What you see here is not just a rising level of configurability, but also a rising level of intelligence required for making the configurations.  #1 can be configured by an idiot.  #2 can be configured by trial-and-error, and #3 can be configured only by a professional (or perhaps it would be more exact to say that there are aspects of the configuration which can only be used by a professional).

It turns out that there is a type of programming system called a Universal computer.  What makes a Universal computer interesting is that it can, given the right program, compute any computable function.  So it is open-ended.  Here’s the other interesting insight -- Universal computation only arises in chaotic environments.  What makes this so interesting is that a chaotic system, in general, does not give gradual output changes to gradual changes in its programming.  Therefore, to have something “evolve” on a Universal computer it would, by necessity, have to make several leaps to work.  In order to get smooth output changes, which are required by natural selection, one would have to propose a coordinated system of changing the code - something not allowed by naturalistic scenarios, because the changes would have to be coordinated to match the desired gradualistic output.
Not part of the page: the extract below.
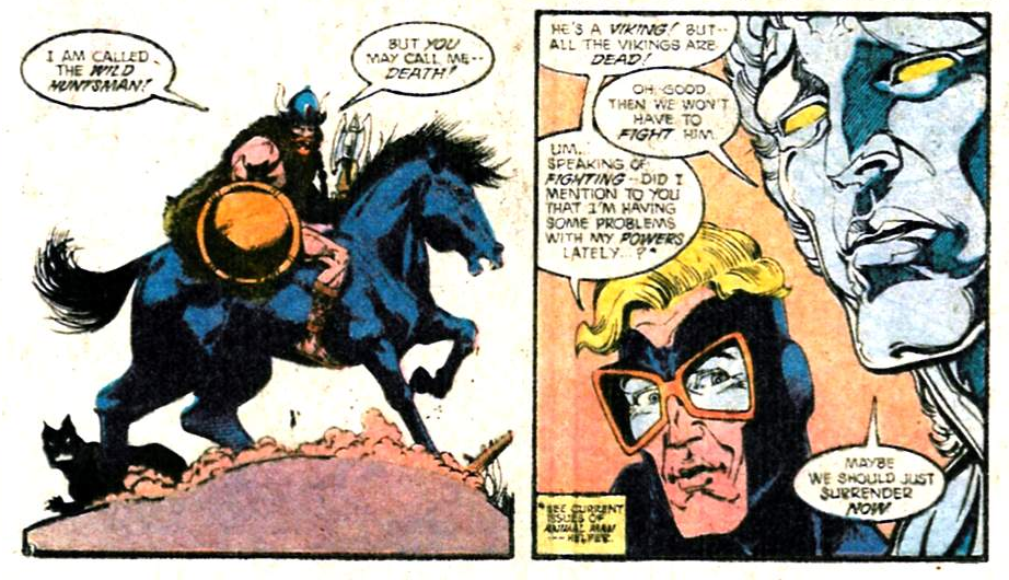 The remaining team splits into groups of two and three to investigate locations their computer system points to as possible Nazi fringe groups with metahuman activity. Each subgroup runs into an ex-member of the Global Guardians. First, it’s Cap and Animal Man vs. the Wild Huntsman.

This provides an answer to my question about information creation versus information shuffling.  If the input domain is open-ended - that is, it is flexible enough to hold the solution to any problem given the right code - then the solution cannot be reached by gradual configurational changes alone, because that is the nature of the way Universal computers behave.  Now, you can design a programming systems where gradual changes to the code lead to gradual changes in the output, and as such would be open to natural selection.  However, these are not Universal computers, and therefore the potential range of results is not open-ended.

Thus, the dichotomy is not necessarily between code and data, but between parameterized programming systems and open-ended programming systems.  If the system is parameterized, then change only happens within the specified parameters.  There may be genuinely new things happening there, but the parameters for their occurrence were specified in advance.  Thus, you can see that the common ID and Creationist claim that “information cannot be created by natural selection” is both true and false.  It is true that open-ended information cannot be created, but if the solution domain is appropriately parameterized, then information can arise within those parameters.
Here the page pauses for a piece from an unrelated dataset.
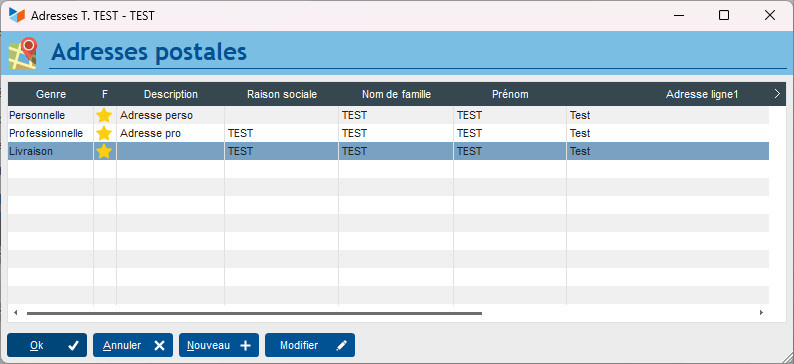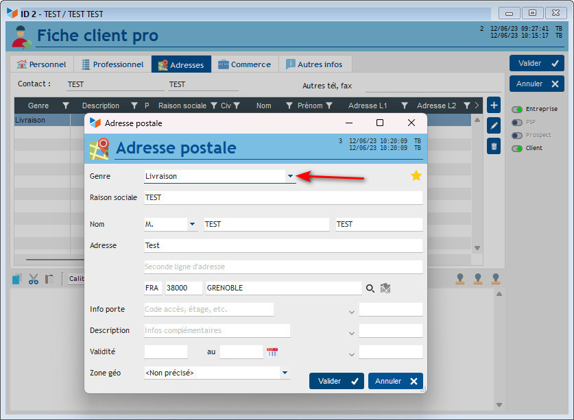 Vous entrez l'adresse de livraison en faisant bien attention à lui assigner un genre Livraison :

Obviously, this is not a rigorous proof, and if you want a more nuanced version, you should refer to the paper.  But nonetheless, I think that this should give you an idea of the questions that I was attempting to answer and the approach that I took.

There’s a lot more to say about this, but I think this is enough for now.  See the paper for a lot more information, as well as numerous applications.  I especially liked how this related to the evolutionary software Avida in section 3.4.  In any case, this background should help you make sense of what the paper is about and where I am going with it, should you decide to read it.